Fuck updates!
I'm sick of being all "blablalbla we're recording blablalbla" fuck what boring shit.
I know you all want to hear about what I'M DOING. Well let me tell you cuz this blog needs some intersting shit in it. Peep this. I've been working hard the last 5 years on my zine that is gonna blow your mind. It was called Carry On Pickpocket but I think i'm changing it to Ghetto Ditch Pig. Shit just has more punch!
So I'm gonna post a rough story I've been working on for the zine about this dude I keep seeing on the subway that has the biggest head i've seen. I just saw him yesterday and we made eye contact and I started laughing because I had just finished writing this and thought I'd probably never see him again. It's not cool to look at someone and start laughing (but still funny none the less) but fuck man I couldn't help myself! BLAMO! There he was, in all his glory! BIG HEAD WITH A BIG COMBOVER. God damn. Ok without further adieu - Enjooooy!

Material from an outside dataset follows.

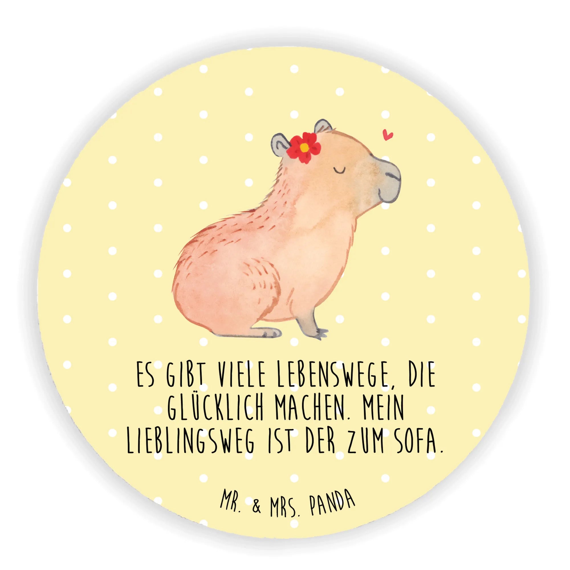 In der gemütlichen Welt von Mr. & Mrs. Panda gibt es viele kleine Momente des Glücks zu entdecken. Auf diesem liebevollen Motiv findest du ein friedvolles Capybara, das mit geschlossenen Augen und einem sanften Lächeln pure Entspannung ausstrahlt. Das Highlight ist die verspielte rote Blume mit gelber Mitte, die frech auf seinem Kopf thront und dem Tier einen zauberhaften Ausdruck verleiht. Ein kleines Herz über dem Capybara rundet die liebevolle Szenerie ab und bringt die besondere Wärme des Moments zur Geltung. Die Illustration ist warm und sanft coloriert, was die beruhigende Ausstrahlung noch verstärkt. Der Spruch 'Es gibt viele Lebenswege, die glücklich machen. Mein Lieblingsweg ist der zum Sofa.' passt perfekt zu der friedlichen Atmosphäre und entführt dich auf einen entspannten Weg voller einfach zu findendem Glück.

So today I saw him again. The guy. The guy that easily has the biggest head I’ve ever seen with my own two eyes. Hell, maybe even the biggest head I’ve seen with my own two eyes, on tv and in a book. I even sometimes doubt it when I look away, then think, “fuck dude, you better look again just to make sure” and dammit, sure enough, it is one massive head. I call him The Brain. This dude must be so fucking smart. Like reads three books at once, works on algarythms and thinks chess is for pussies. Then I’m starting to wonder if because his brain is so big maybe he’s psychic. And everytime I wonder if someone can read my mind I start thinking about boners. Jesus Christ. Which is total bullshit because I’m not a homo, I’m all about tits, swear to god. If this guy was so smart though, would he be wearing Velcro shoes? Maybe he’s not so smart, maybe I shouldn’t call him The Brain. But maybe HE IS SO SMART – Velcro shoes? HELLO ultimate time saver because he doesn’t have time to waste on stupid fucking shoe laces!